Ergo, Non-Tapering is Easing.
Featured Videoclips:
- Dani Babb on CNBC Fast Money on Thursday, August 1
- Tom Lee on CNBC Fast Money on Thursday, August 1
1. “another Bubble in the making” – Dani Babb on CNBC Fast Money – Thursday, August 1
Ms. Babb is the CEO of The Babb Group, a firm that represents $5 billion in investor funds, per CNBC. Her message is outspoken and out of consensus.
- 4.33% – 4.5% for the foreseeable future in terms of the 30-year fixed interest rate [mortgage]. This market is very dependent on first time home buyers who, as you pointed out, have been on the sidelines for some time. They’ve represented about 28% of sales in the last year. In a healthy market it’s about 40% so it certainly is putting a damper on home sales which I actually think is a positive thing and I’m concerned about first time buyers jumping into the market.
- I think we have another bubble in the making. We’re seeing a lot of numbers that are reminiscent of 2005 and 2006. Concerned about the price stability & the ability to maintain the price momentum we’ve seen over the last year that’s largely been driven by very low interest rates. We had a bubble last time driven by very easy credit. We have bubble this time potentially driven by very cheap credit over a long period of time
- We still have unemployment at about 7.5%. the Fed’s is looking for 6.5 before making some serious moves.
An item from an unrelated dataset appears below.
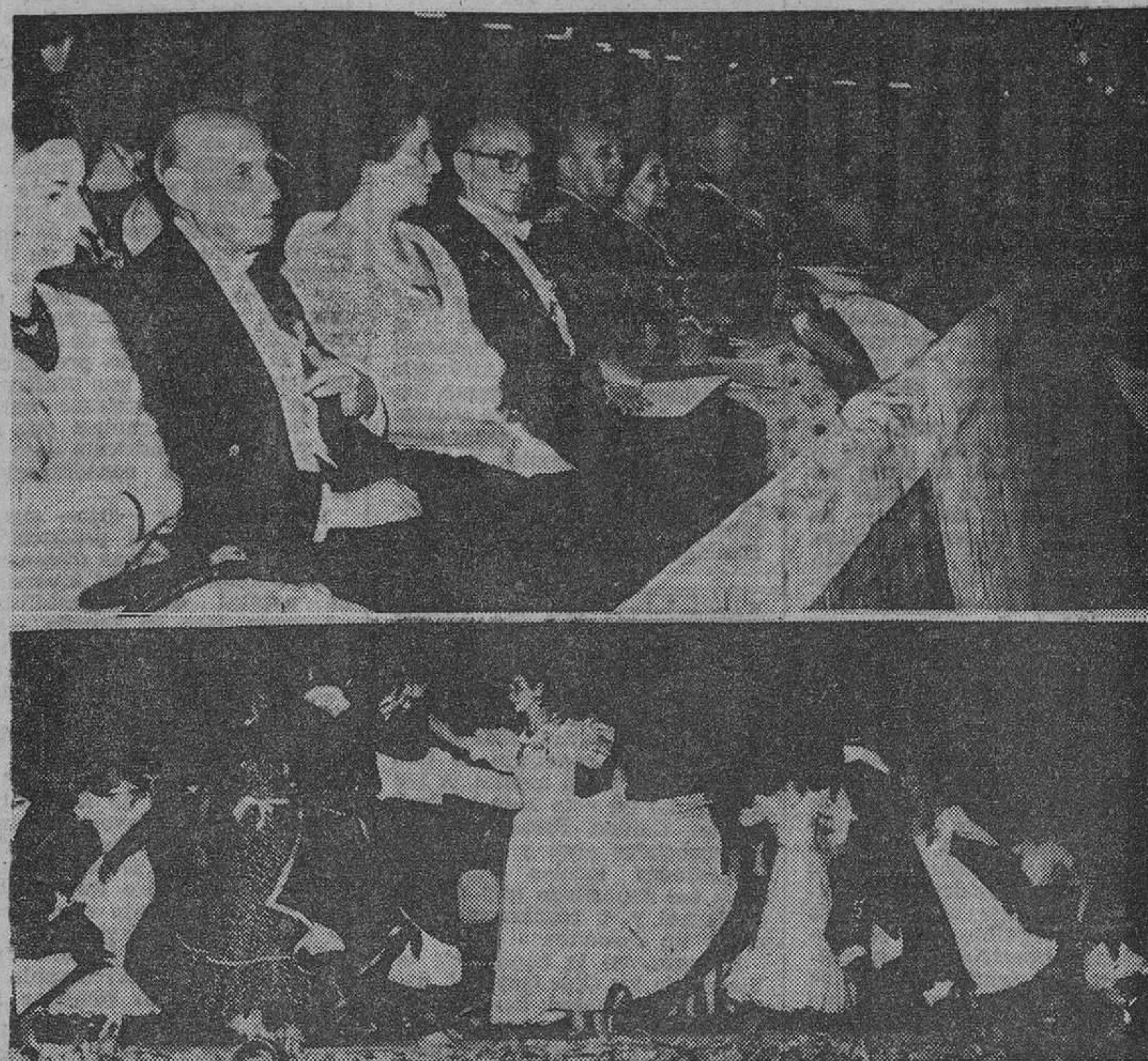
MADRID. — SU EXCELENCIA EL JEFE DEL ESTADO Y EL PRESIDENTE FRONIDZI, ACOMPAÑADOS DE SUS RESPECTIVAS ESPOSAS Y OTRAS PERSONALIDADES, DURANTE LA FIESTA QUE, DESPUES DE LA COMIDA OFRECIDA POR EL AYUNTAMIENTO, SE CELEBRA EN LOS JARDINES DEL RETIRO, Y EN EL TRANSCURSO DE LA CUAL UN GRUPO DE BAILE TIPICO ARGENTINO INTERPRETO EL PERIGON PORTENO EN HONOR DE LOS ILUSTRES VISITANTES.

We’ve got a median price that’s grown 13% since last year and that is the highest % gain since 2005. If all other factors hold the same, are consistent and we expect similar types of gains over say of maybe one to three years we could see prices back where they were again.
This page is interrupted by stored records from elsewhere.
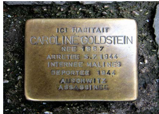
« pavés de mémoire ». Ce concept consiste à placer un pavé commémoratif devant le dernier domicile des victimes juives. A voir "Rue Matrognard" à LIEGE.

Un témoignage en mémoire des juifs de la Shoah: les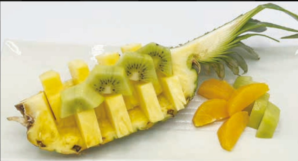
136. 季節フルーツの盛り合わせ (3種)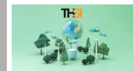
ชุดความรู้ การประเมินหุ้นยั่งยืน THSI

- We’re already seeing some signs of that in Miami, Boston, California where we have got 65% of purchases made in cash by investors. For example, the South Beach and Miami markets are heavily overheated and in price wars an average of 10 to 15% over asking price for purchases.
2. target 1775 – Tom Lee on CNBC Fast Money – Thursday, August 1
Tom Lee of JP Morgan has been one of the most bullish strategists on the street.
- it’s great that we closed above a round number milestone. 1700 is a big number. I feel comfortable thinking you can buy the market today and still get pretty good returns into year end. Because, one, I think there’s data showing the U.S. is accelerating. Obviously tomorrow is the most important number. I think the data is showing Europe is improving. You got a case for higher earnings and if people feel like earnings can go up they can raise the multiples. So you have an E-story and a PE story
- the taper is going to have to address the question of position squaring. I think the market, the participants are way overweight fixed income. if they start to think interest rates are going up, I think that money comes out and hopefully goes into equities. On equity side, we think taper happens because economy is strengthening. you’ve got a case that the e could offset volatility in the pe.
- in Q2 one of the things
everybody might be surprised, 72% of companies generated better top line growth in the quarter, the best number since Q1 2012. I think the multiple people are showing to pay what they’re paying for staples stock right now which is 18 to 20 times. If they are willing to own bond-like stocks, maybe the cyclical market can rerate the smokestacks, the techs, industrials, financials. - we are we have the least insight about Asia. If we felt there was a deeper deceleration in China, that could put a lot of concerns out there. Europe as important as it is and as helpful as it is, if we see something weakening in Asia, it may be more than offsetting.
- [Europe] we have had a lot of discussion about this today internally. I think Europe is tracking towards acceleration. 100, 200 basis points better than the first half, basically exiting recession.but are you better off buying a European stock or a U.S. company with a lot of leverage to Europe. I know our European guy sees huge opportunities in multiple expansion there.